Required work: Word for word, write the lines below out again, with no pictures.

Available data:
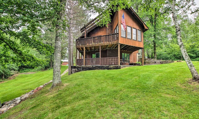This uniquely beautiful home sits right on the edge of Wood Lake, where a plethora of lake activities await! With 3 bedrooms, 1.75 bathrooms, and accommodations for 11 guests, this Fifty Lakes vacation rental boasts prime amenities, includes a 3-season porch, deck, patio, fire pit, wood-burning fireplace, 4 kayaks, 2 paddleboards, and more! Spend afternoons barbecuing on the deck while breathing in the fresh lake air or exploring the area’s exciting fishing or golfing!
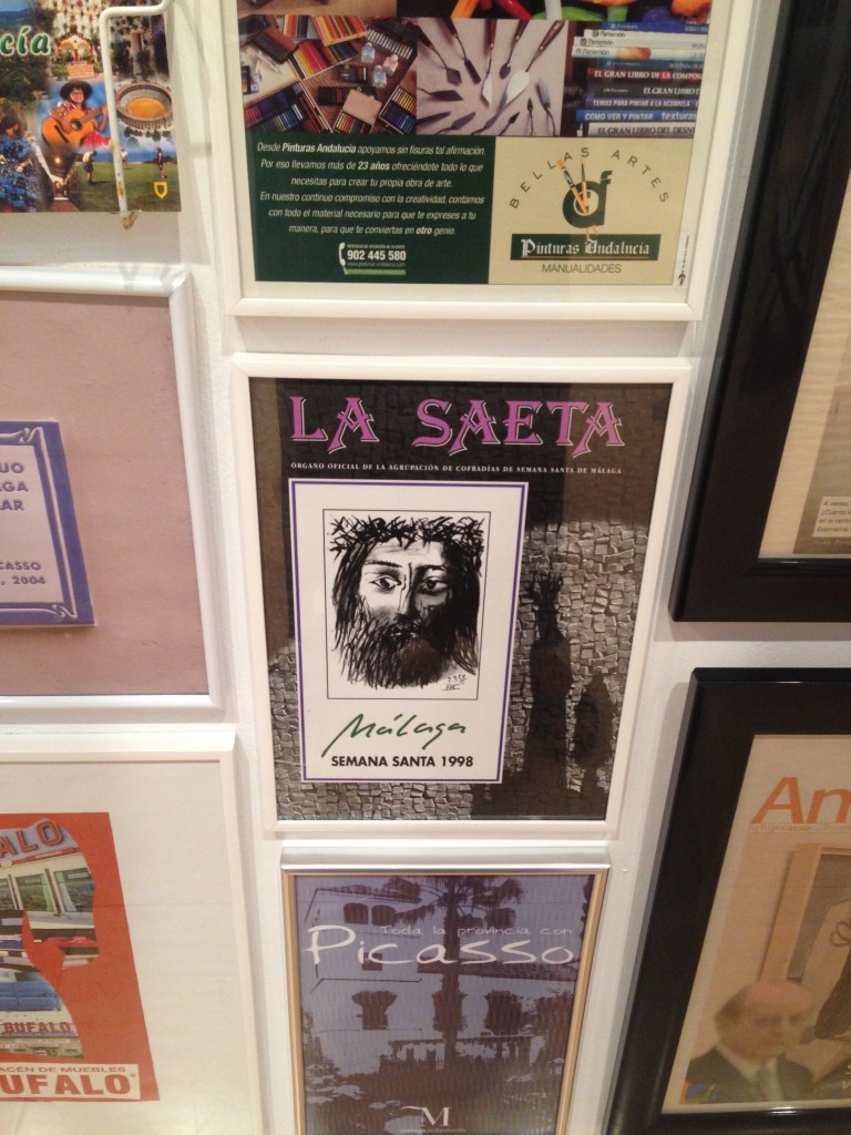 ‘Picasso is een complex fenomeen’, zegt López Cuenca in een interview[1]. ‘Ik heb het niet per se over het individu, niet eens over de kunstenaar, maar over een commercieel merk, een branche dat op elk willekeurig product kan worden toegepast’. In de afgelopen decennia zag de hedendaagse kunstenaar de stad Málaga waar hij opgroeide en waar ook Picasso ter wereld kwam, picassoficeren. De losse lijnen en de kubusvormen van de stijlen van Picasso zijn als het ware de huisstijl van de stad geworden. Winkeltjes, restaurants en hotels met de naam ‘Picasso’ schoten uit de grond en steeds meer toeristenartikelen verschenen met zijn schilderijen en tekeningen erop. Typerend is de poster van de Semana Santa uit 1998, ook in het winkeltje van López Cuenca te vinden. Op de poster is een litho van Picasso te zien, een vlug portret van Christus, waaronder de letters ‘Málaga’ prijken in zijn handschrift. Ook een ernstig katholiek feest als de lijdensweek kan gepicassoficeerd worden!
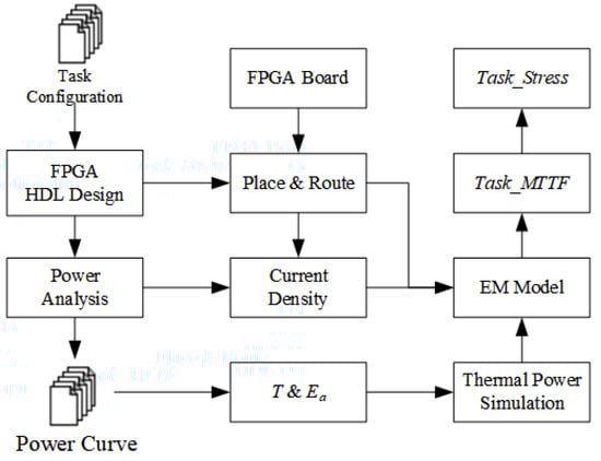 where denotes the linewidth constant, which is determined by the properties of the metal interconnects within the FPGA, and , the shape parameter, can be used to represent the hardware fault profile. In this paper, we do not consider the effect of process variations in the model. Hence, the shape parameter remains constant. k denotes the Boltzmann constant, J − Jcrit denotes the offset of the current density with and without electromigration, T denotes the Kelvin temperature, and denotes the activation energy. The above parameters can be obtained by FPGA design software and power analysis tools, and the flow of calculating Task_Stress is shown in Figure 3.

Task output:
This uniquely beautiful home sits right on the edge of Wood Lake, where a plethora of lake activities await! With 3 bedrooms, 1.75 bathrooms, and accommodations for 11 guests, this Fifty Lakes vacation rental boasts prime amenities, includes a 3-season porch, deck, patio, fire pit, wood-burning fireplace, 4 kayaks, 2 paddleboards, and more! Spend afternoons barbecuing on the deck while breathing in the fresh lake air or exploring the area’s exciting fishing or golfing!
 ‘Picasso is een complex fenomeen’, zegt López Cuenca in een interview[1]. ‘Ik heb het niet per se over het individu, niet eens over de kunstenaar, maar over een commercieel merk, een branche dat op elk willekeurig product kan worden toegepast’. In de afgelopen decennia zag de hedendaagse kunstenaar de stad Málaga waar hij opgroeide en waar ook Picasso ter wereld kwam, picassoficeren. De losse lijnen en de kubusvormen van de stijlen van Picasso zijn als het ware de huisstijl van de stad geworden. Winkeltjes, restaurants en hotels met de naam ‘Picasso’ schoten uit de grond en steeds meer toeristenartikelen verschenen met zijn schilderijen en tekeningen erop. Typerend is de poster van de Semana Santa uit 1998, ook in het winkeltje van López Cuenca te vinden. Op de poster is een litho van Picasso te zien, een vlug portret van Christus, waaronder de letters ‘Málaga’ prijken in zijn handschrift. Ook een ernstig katholiek feest als de lijdensweek kan gepicassoficeerd worden!
 where denotes the linewidth constant, which is determined by the properties of the metal interconnects within the FPGA, and , the shape parameter, can be used to represent the hardware fault profile. In this paper, we do not consider the effect of process variations in the model. Hence, the shape parameter remains constant. k denotes the Boltzmann constant, J − Jcrit denotes the offset of the current density with and without electromigration, T denotes the Kelvin temperature, and denotes the activation energy. The above parameters can be obtained by FPGA design software and power analysis tools, and the flow of calculating Task_Stress is shown in Figure 3.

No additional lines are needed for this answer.